Sunday, May 26, 2013

U...

U was, perhaps the cause of my lengthy forray into hippy-dom.  She was already sporting what we tended to call "guatamalan tops" as well as beads, indian pants and the smell of rollups before she arrived at University.

She lived at the Halls of Residence across the road from mine.  Hers were self-catering and, somehow, she'd been given rooms adjacent to some kindred spirits.  On reflection, the suburban dorks that I was quartered next to were probably good matches, on paper, for me too!

She was also on the same course as myself, L and R and, as a result, we would find ourselves walking back to our Halls together.  As a result we became friends.

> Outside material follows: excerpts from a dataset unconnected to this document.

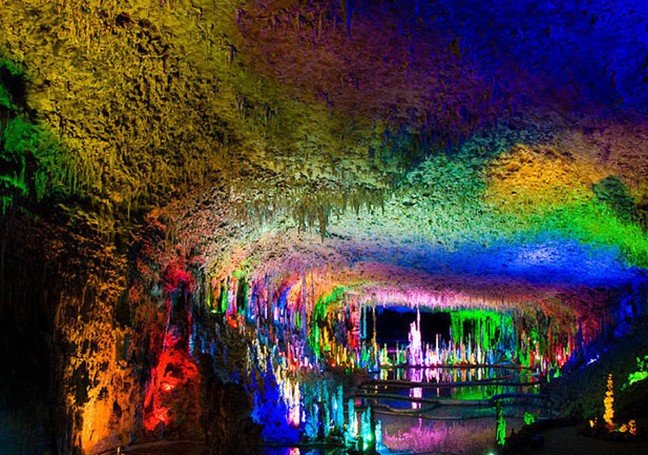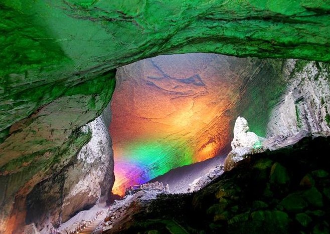 開放游覽主洞第三層、第四層,面積8.l萬平方米,分為穹廬廣廈、長廊石秀、云步通幽等7個大廳。各大廳景觀別具一格,鐘乳、石花、石緯、石柱等組成琳瑯滿目、五光十色的景致。主洞內(nèi)有寬敞的大廳,也有迂回的長廊;有對峙的"高山",也有臥波的"長橋";各種鐘乳石巖溶于奇異狀,瑰麗萬端,宛如一個金碧輝煌的地下宮殿。主洞兩旁又有耳洞、吊洞等10余個大溶洞,上下交錯,版權(quán)所有山東聊城聊之旅國際旅行社有限公司,轉(zhuǎn)載必究!形成洞中有洞、洞下有洞的奇觀,并有陰河穿流其間。陰河河水清澈,魚兒漫游,有發(fā)出微微磷光的亮蝦;有珍稀的玻璃魚,形如蝌蚪,小巧玲瓏,顏色粉紅,全身透明,肝膽可見,聽覺靈敏,難得一見。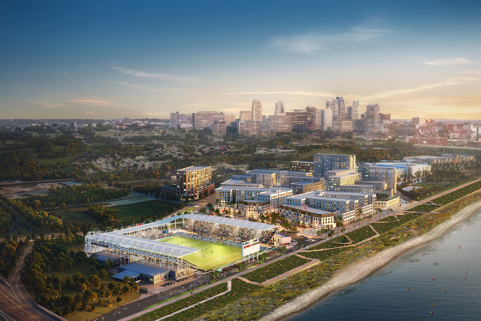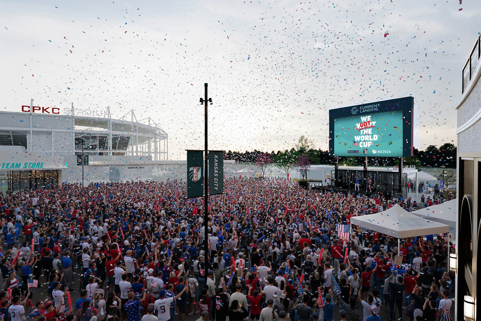 Anchored by CPKC Stadium and the Missouri River, Current Landing is set to feature “a dynamic blend of elevated waterfront residential living, best-in-class dining, one-of-a-kind sports and community entertainment, and irreplaceable riverfront gathering spaces designed to transform the fan and community experience year-round.”
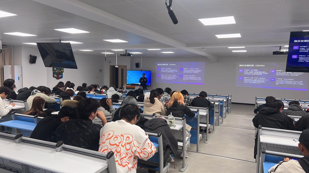 11月25日晚,福建網(wǎng)絡(luò)普天教育科技有限公司商務(wù)總監(jiān)張慶安帶來“AR/VR行業(yè)發(fā)展與職業(yè)規(guī)劃”專題分享。講座中,張慶安梳理了AR/VR技術(shù)演進(jìn)脈絡(luò),詳解交互設(shè)計、光學(xué)顯示等核心技術(shù)模塊,并結(jié)合行業(yè)發(fā)展動態(tài)介紹了算法工程師、交互體驗設(shè)計師等熱門就業(yè)崗位。他特別強(qiáng)調(diào),掌握Unity3D等工具的復(fù)合型人才正成為市場剛需,為VR專業(yè)及軟件五貫班學(xué)生指明了學(xué)習(xí)方向。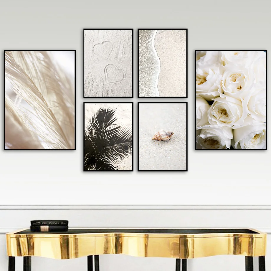 Настенная картина с изображением пляжа, сердца, раковины, цветов, Листьев, спиндринга, постеры и принты на холсте в скандинавском стиле, настенные картины для декора гостиной icon star icon star icon star icon star icon star

And what drama. She had, as a British, second-generation, Pakistani, lapsed Muslim... issues.  She certainly had issues with her mother.  And she had issues around every guy that she dated.  An abiding memory of those early days - that first year - was of standing in the rain, watching tears run down her face, as she silently mourned the betrayal of a man called Tim.  I hated Tim for a variety of reasons of my own - principally, because he was a member of the 'JCR committee', a bunch of second years who 'ran' the halls of residence - they were self-consciously cool, creative and slightly aggressive.

And what drama.  Her experimentation with drugs.  He inability to hold her drink and her determination to drink more and more and more.  Her experimentation with other religions.  Her total inability to eat.  She got thinner and thinner.  She ate the occasional slice of toast.  And smoked an inordinate number of rollups.   When she wasn't introducing me to the wonders of Superkings.  The cigarettes of suburban slappers.  Suburban slappers, me and U.

She loved dancing, poetry and occasionally swifting from chaos-ridden hoarder, to stripped down minimalism (to the point where, on occasions, we thought that she was either preparing to leave or preparing to die). 

She, of course, had occasional issues around self-harm and an inability to contemplate a future - a future back living with her mother, a life where all the freedom she was now experiencing would be taken away in a trice.

Complex barely covers it.  The coolest person I'd ever met. 

We're still friends.  She's gay now too.